I don't think that way anymore. As I got older, dad got worse. He would go out looking for her, calling her name. He'd always leave me with my Aunt Sophie, sometimes only for the weekend and other times for days on end. I knew he was getting worse each time I laid eyes on him-- messy hair, eyes wide with panic and filled to the brim with tears. And each time, I could feel myself getting older. Not in the sense of aging, but in the sense that I no longer felt like a child. I couldn't bring myself to believe him when he told me he'd seen her. He'd seen her with golden flowers in her hair, looking like the goddess he'd always believed her to be.
When I was eleven, my aunt didn't let me see dad anymore. At first I didn't mind, my aunt's apartment was more than big enough for the two of us, and had a nice view of Manhattan. I could go to school and come home, but she wouldn't let me see him. "He's too unstable", she'd told me when questioned. "It's not safe." I knew what it meant. Dad was crazy she told me, he's going to get some help.

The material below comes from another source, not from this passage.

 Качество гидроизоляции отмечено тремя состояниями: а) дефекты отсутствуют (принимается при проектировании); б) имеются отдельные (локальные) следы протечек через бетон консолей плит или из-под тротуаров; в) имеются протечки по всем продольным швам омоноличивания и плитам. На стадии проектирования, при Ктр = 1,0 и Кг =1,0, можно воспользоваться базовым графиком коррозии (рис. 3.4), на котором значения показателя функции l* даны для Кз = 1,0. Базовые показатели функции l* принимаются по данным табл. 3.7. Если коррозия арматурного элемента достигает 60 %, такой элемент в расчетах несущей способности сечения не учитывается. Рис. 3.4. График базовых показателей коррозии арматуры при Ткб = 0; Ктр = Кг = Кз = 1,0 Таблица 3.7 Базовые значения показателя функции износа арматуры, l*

And as much as I wanted to deny it, I couldn't. There was nothing I could do or say that would stop her from sending dad away, and I had to watch from the doorway as they sent him off. The last glimpse I had of him was from that doorway, his black hair already turning grey. He watched me from the backseat, his eyes pleading with me-- as if he was asking me not to send him away. I should've fought harder for him then, after all he'd been the one who raised me to a certain degree. My aunt had tugged me back inside, saying "Eira" in the sternest tone she could muster for an eleven year-old whose father she'd sent away.

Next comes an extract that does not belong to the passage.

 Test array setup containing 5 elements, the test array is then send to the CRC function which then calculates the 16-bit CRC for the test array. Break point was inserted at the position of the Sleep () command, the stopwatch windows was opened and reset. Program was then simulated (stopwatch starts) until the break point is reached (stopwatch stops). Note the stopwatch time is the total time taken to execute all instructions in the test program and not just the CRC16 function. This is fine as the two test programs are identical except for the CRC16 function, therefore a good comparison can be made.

Eira, my name. The only thing my mother had given me, save for the pendant around my neck. I'd wanted to throw it out so many times, but dad insisted that I keep it. I held onto it tightly as the car rolled away, dad turning his head away from me. I watched the car go from inside, up until it was lost among the other cars in the city. After that, she did everything in her power to make me forget about him. Almost everything I wanted I got, she ensured that I knew that she was wrapped around my finger. Ensured that I wouldn't hate her, no matter what. I lived a normal life after that, made lots of friends and kept my pendant hidden under my clothes at all times. It was too weird, too strange..even for me. I didn't want to be labeled as crazy as my father was. I'd wanted to be normal, sane. A girl who thought too much about boys and makeup than she thought about an actual future. Any notion that I was anything but normal was shoved in the back of my mind, never to be brought up or brought into the light.

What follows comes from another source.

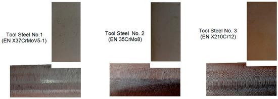 During the experimental research, three tool steels were used to make the samples: a low-alloy tool steel with the designation EN X37CrMoV5-1 (W.-Nr. 1.2343); a medium-alloy tool steel with the designation EN 35CrMo8 (W.-Nr. 1.2311); and a high-alloy tool steel with the designation EN X210Cr12 (W.-Nr. 1.2080). EN X37CrMoV5-1 is a chromium–molybdenum–silicon–vanadium tool steel, which is suitable for hardening in oil and air, with very good hardenability, high heat strength, and tempering resistance. It has good toughness and plastic properties at normal and elevated temperatures, with resistance to cracking. It is suitable for heat treatment to a strength of Rm ≥ 1800 N·mm−2. It is well machinable and hot-formable. It is used for the production of die-casting molds for aluminum, zinc, and magnesium alloys and their fixed and movable parts, hot forming tools (die and die liners), and water-cooled tools such as dies, mandrels, jaws, punches, shears etc. EN 35CrMo8 is a chromium–molybdenum tool steel characterized by very good hardenability and good heat strength. It is suitable for nitriding, cementing, and hardening, with a strength of Rm ≥ 2000 N·mm−2. It has good machinability in an annealed state; therefore, it is used for parts of molds and tools for hot forming and for thermally stressed tools. It is also suitable for large injection molds for plastic materials and die-casting molds. EN X210Cr12 is a chrome ledeburite tool steel with a content of alloying elements of 1.80–2.05% C and 11.0–12.5% Cr and is characterized by high resistance to wear by abrasion, while it can withstand dimensional changes even in elevated temperatures. It is suitable for hardening in oil and air to a strength of Rm ≥ 2300 N·mm−2. It has good cutting properties, very high compressive strength, and very low toughness. These properties make it optimal for the production of highly stressed and complex-shaped cold shearing tools. It is also suitable for simple and symmetrical tools for pressing and tools for hot rolling. It is also used for the production of small molds with a long service life for forming plastic and powder materials, glass, porcelain, ceramic materials, etc. The basic mechanical and physical properties of tool steels EN X37CrMoV5-1, EN 35CrMo8, and EN X210Cr12, including their chemical compositions, are shown in Table 1 and Table 2.

Bellemont was the school she sent me to, another way of telling me how spoiled I was. The campus was decent enough, freshly cut grass and buildings that were almost castle like. Unfortunately, Bellemont meant the spoiled rich girls who people always loved to hate. I suppose that you're expecting to me say that I didn't /ever/ fall in with that group, that I distanced myself from them as much as possible. There are only ever two choices: you either became one of them, or you dared to be "different" and strove to find yourself. I chose to become one of them. Both to forget my crazy father, and to further prove that I was nothing but "normal". I wouldn't see my mother, or beautiful women in battle armor. I would be the stereotypical popular girl, and be quite happy with my position in life. ..Or at least, I thought that I would be.
There was always a feeling that I had in my gut, or a thought that I had in the back of my mind. Something that screamed "danger", telling me to run. Of course, this was ignored more often than not. After all, why would I listen to it? Sometimes mom's pendant would burn me, its mark left on my skin. Another warning sign that was ignored. I never told Sophie about it, for fear of being labeled crazy. Mad. After all, why would mom have had a magic pendant? Especially one that she would've given to me? It wasn't as if she'd bothered to see me grow up, or even visit every once in a while. Erika Thorne had seemingly never existed, I didn't even have grandparents on her side to meet. My curiosity was seemingly insatiable.
And it would only get worse.
YOU ARE READING
Valkyrie
FantasyWhen Eira's father is carted off to a mental institution after raving about Gods, she is convinced that her father is just that. Crazy. On her seventeenth birthday, she is forced to discover that-- well, he definitely wasn't. The Norse Gods are rea...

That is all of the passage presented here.